++++ Records ++++

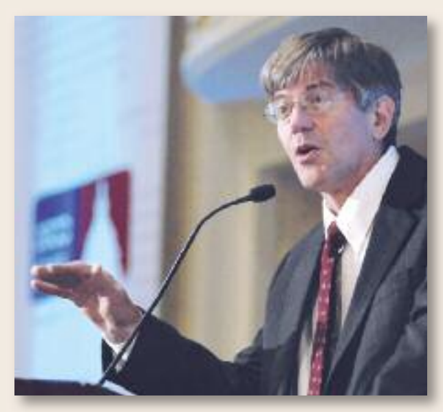
Deputy Secretary of State James B. Steinberg

The survey of opinion leaders from 25 Asia Pacific economies was conducted in April 2009 and is part of PECC's State of the Region Report. Respondents overwhelmingly agreed that slower growth in Western industrialized countries for the foreseeable future would encourage a shift to domestic demand growth in Asian economies.
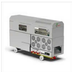
AUTOMATIC ROTI CHAPATI MACHINE

Automatic Chapati Machine, Automatic Khakhra Making Machine, Automatic Roti Chapati Machine, Chapati Making Machine, Flour Kneading Machine, Khakhra Making Machine, Khakhra Roasting Machine, Semi Automatic Khakhra Making Machine, Single Chamber Vacuum Packing Machine, etc.
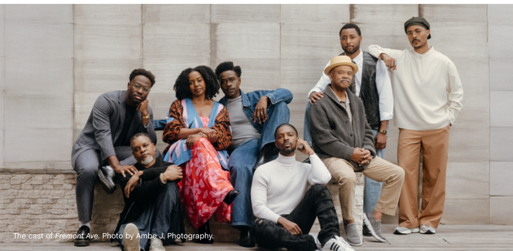
The cast of Fremont Ave.
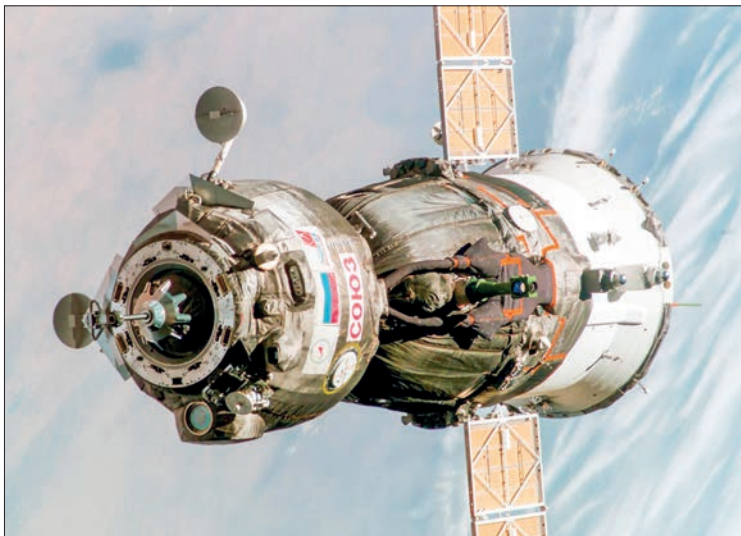
The leak on the Soyuz MS-22 spacecraft did not pose any danger to the astronauts and cosmonauts aboard the ISS.

"The cause of the leak may be a micrometeorite entering the radiator," TASS quoted Krikalev as saying. "Possible consequences are changes in the temperature regime." "No other changes in the telemetric parameters of either the Soyuz spacecraft or the (ISS) station on the Russian or American segments have been detected," Krikalev said.—AFP
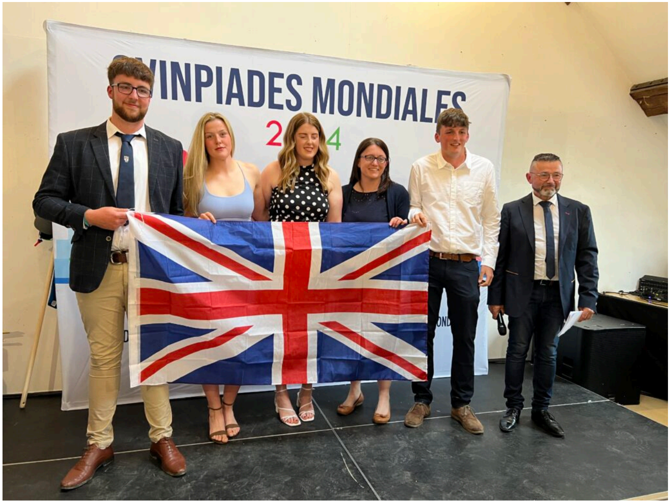
Candidats du Royaume-Uni
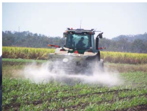
Above and at top: tractor installed with GPS farm mapping on the Blackburn sugarcane farm, Mackay
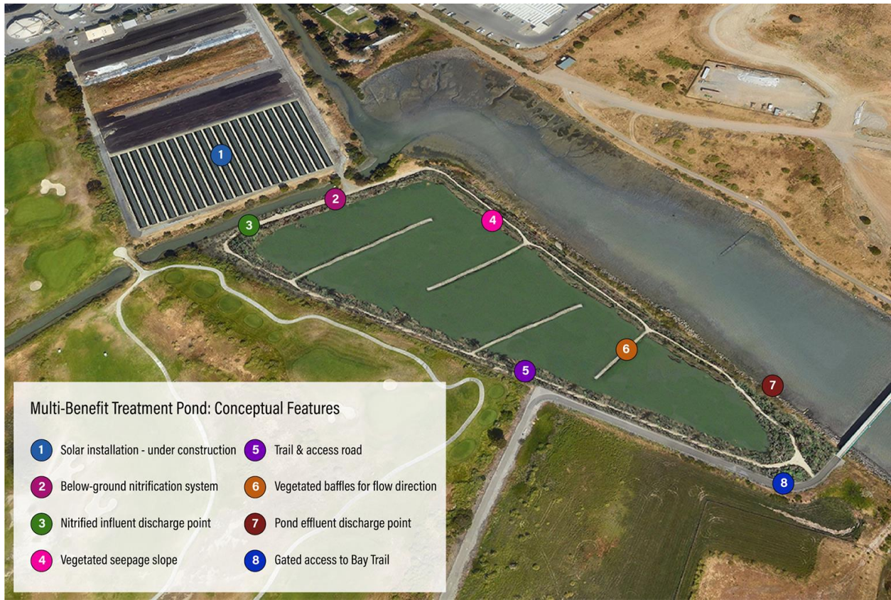
Site plan for the proposed project
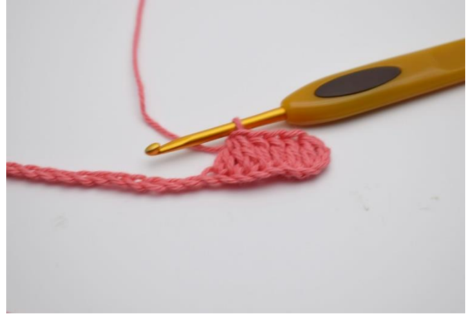
4. Dc 3 tog.
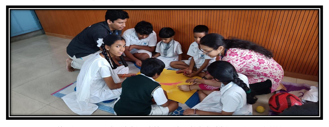
Showing: RVIM students helping children with multiple disabilities on August 2, 2023

After the group games, each child had the opportunity to showcase their individual talents in singing and dancing. This kind of talent showcase not only boosts the children's self-confidence but also provides a platform for them to express themselves creatively.
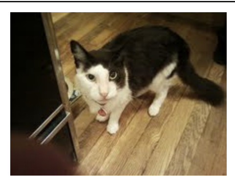
Pretty Boy McTavish

BY MAIL: CHECKS can be sent to Spay and Neuter Solutions, P.O.Box 762, Cortaro, AZ 85652
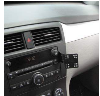
Suzuki XL-7 Final Install Picture
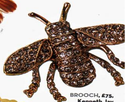
BROOCH, £75, Kenneth Jay Lane, from my-wardrobe.com
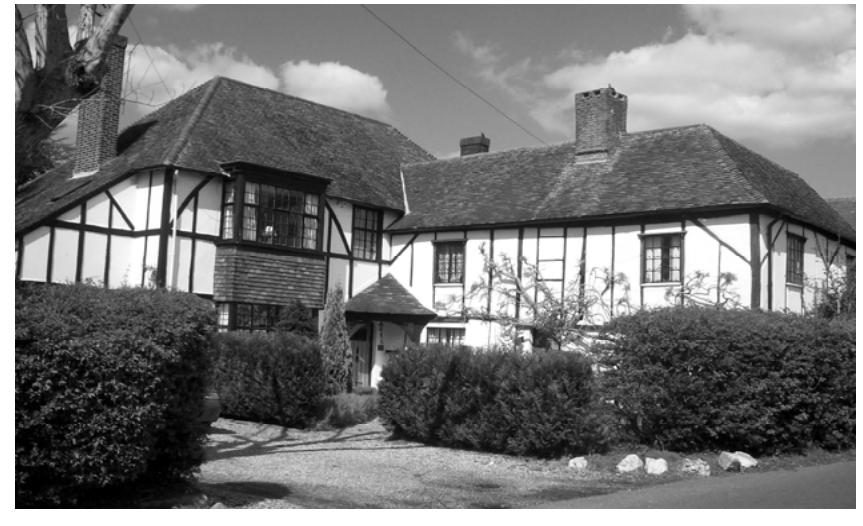
9 Cheney Street, Cheney Farmhouse, Grade II

The dominant features of the streetscape of the area are the hedges and low walls bordering front gardens, the mature trees, grass verges and the central reserve. These, together with the curving road layout and gentle topography, create an attractive street scene. The spacing between the houses, landscaping and views through to the back gardens all combine to form an attractive gateway to the Conservation Area.
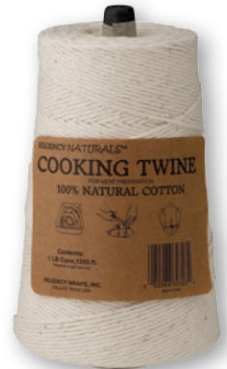
6100 • Cooking Twine 1,140 ft.
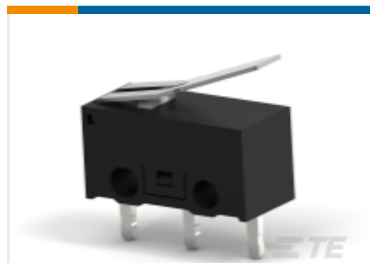
TE Model / Part # 2351447-1 UMINSA SW BLEV 0.74N 0.1A/30VDC SC PCB

++++

**Exercise**. Return an exact transcription of the entries above, excluding each image.

**Written response**.
Deputy Secretary of State James B. Steinberg

The survey of opinion leaders from 25 Asia Pacific economies was conducted in April 2009 and is part of PECC's State of the Region Report. Respondents overwhelmingly agreed that slower growth in Western industrialized countries for the foreseeable future would encourage a shift to domestic demand growth in Asian economies.
AUTOMATIC ROTI CHAPATI MACHINE

Automatic Chapati Machine, Automatic Khakhra Making Machine, Automatic Roti Chapati Machine, Chapati Making Machine, Flour Kneading Machine, Khakhra Making Machine, Khakhra Roasting Machine, Semi Automatic Khakhra Making Machine, Single Chamber Vacuum Packing Machine, etc.
The cast of Fremont Ave.
The leak on the Soyuz MS-22 spacecraft did not pose any danger to the astronauts and cosmonauts aboard the ISS.

"The cause of the leak may be a micrometeorite entering the radiator," TASS quoted Krikalev as saying. "Possible consequences are changes in the temperature regime." "No other changes in the telemetric parameters of either the Soyuz spacecraft or the (ISS) station on the Russian or American segments have been detected," Krikalev said.—AFP
Candidats du Royaume-Uni
Above and at top: tractor installed with GPS farm mapping on the Blackburn sugarcane farm, Mackay
Site plan for the proposed project
4. Dc 3 tog.
Showing: RVIM students helping children with multiple disabilities on August 2, 2023

After the group games, each child had the opportunity to showcase their individual talents in singing and dancing. This kind of talent showcase not only boosts the children's self-confidence but also provides a platform for them to express themselves creatively.
Pretty Boy McTavish

BY MAIL: CHECKS can be sent to Spay and Neuter Solutions, P.O.Box 762, Cortaro, AZ 85652
Suzuki XL-7 Final Install Picture
BROOCH, £75, Kenneth Jay Lane, from my-wardrobe.com
9 Cheney Street, Cheney Farmhouse, Grade II

The dominant features of the streetscape of the area are the hedges and low walls bordering front gardens, the mature trees, grass verges and the central reserve. These, together with the curving road layout and gentle topography, create an attractive street scene. The spacing between the houses, landscaping and views through to the back gardens all combine to form an attractive gateway to the Conservation Area.
6100 • Cooking Twine 1,140 ft.
TE Model / Part # 2351447-1 UMINSA SW BLEV 0.74N 0.1A/30VDC SC PCB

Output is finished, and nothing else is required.